Nutmeg. Whole nut, half and powder isolated on white background.

Shutterstock

“I've never experienced anything like this in my life.”

Jeanine Roeters van Lennep, M.D., Ph.D
Check, Please!

Can you get high on nutmeg? A doctor explains what it does to the brain

Nutmeg is a potent spice sprinkled across holiday drinks, but ingesting too much may just land you in the hospital if you're not careful.

by Sarah Wells
Updated: 
Originally Published: 

Jeanine Roeters van Lennep is a vascular medicine internist at the Erasmus Medical Center and a self-described straight edge. She doesn’t do drugs and rarely overdoes it with alcohol, either. So when she woke up the night after a dinner in 2014 feeling dizzy, disoriented, and unable to recognize her colleagues or the campus, she was truly terrified. What, she asked herself, had happened to her at the dinner?

Her friends rushed her to the emergency room, where doctors were unable to determine the source of van Lennep’s confusion. They sent the confused and worried physician home with a shrug.

“They couldn't find anything expected that I had a high heart rate,” van Lennep recalls for Inverse.

“I thought, well, I better go home because I don’t know what’s wrong with me but there’s definitely something wrong. I’ve never experienced anything like this in my life.”

In the United States, nutmeg may be sprinkled lightly over a holiday drink or stirred into egg nog. But in the Netherlands, they got a little harder.

Shutterstock

It was only later that van Lennep realized the culprit. At the fateful dinner, she had sprinkled an extra pinch or two of a pungent and deceptively hallucinogenic spice onto her food: Nutmeg.

“Traditionally in the Netherlands, you always have some nutmeg with asparagus,” van Lennep says. Usually, the diner grates their nutmeg themselves on the food, but that wasn’t the case at the large party van Lennep had gone to, which was part of an academic meeting.

“To make it convenient for a large group, they had little bowls of already grated nutmeg,” van Lennep says. Each diner could help themselves to as much or as little as they pleased — or not.

“I was just chatting with my friends so I just added some nutmeg and I thought, well, it's a little bit too much... I came back [for more] and again, a little bit too much.”

As the nutmeg fell ever more thickly on her asparagus, van Lennep says she felt fine as she ate it. But then hours later, in the middle of the night, she began to feel strange — so strange she went to the emergency room and ultimately remained in a weird mental state for several days.

What makes nutmeg hallucinogenic?

Van Lennep experienced autointoxication from nutmeg, meaning she accidentally gave herself a potent dose of the spice and intoxicated herself.
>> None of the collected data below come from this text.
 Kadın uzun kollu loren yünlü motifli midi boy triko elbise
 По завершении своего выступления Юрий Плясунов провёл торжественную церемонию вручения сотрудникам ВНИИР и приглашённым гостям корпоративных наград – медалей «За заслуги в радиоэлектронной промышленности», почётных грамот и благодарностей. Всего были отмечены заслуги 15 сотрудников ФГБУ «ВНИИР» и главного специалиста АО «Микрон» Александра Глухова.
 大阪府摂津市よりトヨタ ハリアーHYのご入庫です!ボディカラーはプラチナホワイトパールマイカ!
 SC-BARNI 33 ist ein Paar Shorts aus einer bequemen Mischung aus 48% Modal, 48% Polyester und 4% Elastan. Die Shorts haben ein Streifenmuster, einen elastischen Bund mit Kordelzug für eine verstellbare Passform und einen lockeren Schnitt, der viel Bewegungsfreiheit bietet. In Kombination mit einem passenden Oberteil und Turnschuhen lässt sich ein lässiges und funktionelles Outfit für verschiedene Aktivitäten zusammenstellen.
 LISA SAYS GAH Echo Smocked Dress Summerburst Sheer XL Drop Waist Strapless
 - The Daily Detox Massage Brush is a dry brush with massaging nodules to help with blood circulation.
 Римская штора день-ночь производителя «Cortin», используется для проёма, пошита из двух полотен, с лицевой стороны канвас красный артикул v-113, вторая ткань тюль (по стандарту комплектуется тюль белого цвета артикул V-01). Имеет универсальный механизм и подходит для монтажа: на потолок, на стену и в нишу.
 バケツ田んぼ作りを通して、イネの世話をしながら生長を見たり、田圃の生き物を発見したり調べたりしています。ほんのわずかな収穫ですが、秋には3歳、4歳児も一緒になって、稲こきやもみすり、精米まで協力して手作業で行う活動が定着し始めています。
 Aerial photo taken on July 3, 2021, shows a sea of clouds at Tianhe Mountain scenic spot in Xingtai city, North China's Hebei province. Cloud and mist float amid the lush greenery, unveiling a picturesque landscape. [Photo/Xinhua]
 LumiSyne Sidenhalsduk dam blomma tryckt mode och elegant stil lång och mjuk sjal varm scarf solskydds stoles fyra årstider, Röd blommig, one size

But on the chemical level, van Lennep gave herself a high dose of a hallucinogen, myristicin, which is found in the oil of fresh nutmeg.

“Penny matchbox full of nutmeg had the kick of three or four reefers.”

You need to eat a lot of fresh nutmeg to get the effect van Lennep experienced. Unless you are as absent-minded — and perhaps underwhelmed by the stringent taste of the spice — as van Lennep, it is very unlikely that the 1/4 teaspoon or so worth of nutmeg that adorns holiday drinks and spices up baked goods this time of year will get you high.

According to van Lennep, it typically a person has to eat at least 5 grams (a little over two teaspoons) of nutmeg to experience any psychotropic effects.

Ingesting nutmeg can cause strong hallucinations, dizziness, and seizures.

Shutterstock

Can you get high from nutmeg?

The reason why nutmeg has such a profound effect on the brain is to do with myristicin, which targets your body’s central nervous system and floods it with norepinephrine, a hormone responsible for increasing heart rate in blood pressure.

Similar to peyote, intoxication from nutmeg can cause:

  • Hallucinations
  • Drowsiness
  • Dizziness
  • Dry mouth
  • Confusion

Not everyone is as unhappy as van Lennep was to experience such effects. She says humans have been chasing this spicy high since as early as the 1500s. Historical accounts show religious crusaders would ingest nutmeg to combat the boredom and foot pain that can come with long journeys overland. Nutmeg may even be responsible for giving seers, like 15th-century physician and astrologer Nostradamus, their prophetic visions.

More recently, civil-rights leader Malcolm X has said he enjoyed a potent spoonful of nutmeg every now and again, too, after being introduced to the spice in prison: “A penny matchbox full of nutmeg had the kick of three or four reefers,” X writes in his eponymous autobiography.

Records dating to the 12th and 15th centuries also document medicinal uses of nutmeg as a form of birth control, seemingly able to induce menstruation as well as being used in terminations.

As for autointoxication like van Lennep, cases aren’t very common in the literature — although she believes there may be more people like her whose experiences go unreported.

There is, however, one current trend in taking nutmeg for recreational reasons that is very much public knowledge: the TikTok nutmeg challenge.

What is the TikTok nutmeg challenge?

In April 2020, during the early days of the coronavirus pandemic, stir-crazy teenagers on TikTok started posting about the powers of the drug hiding in their parents’ spice cabinets.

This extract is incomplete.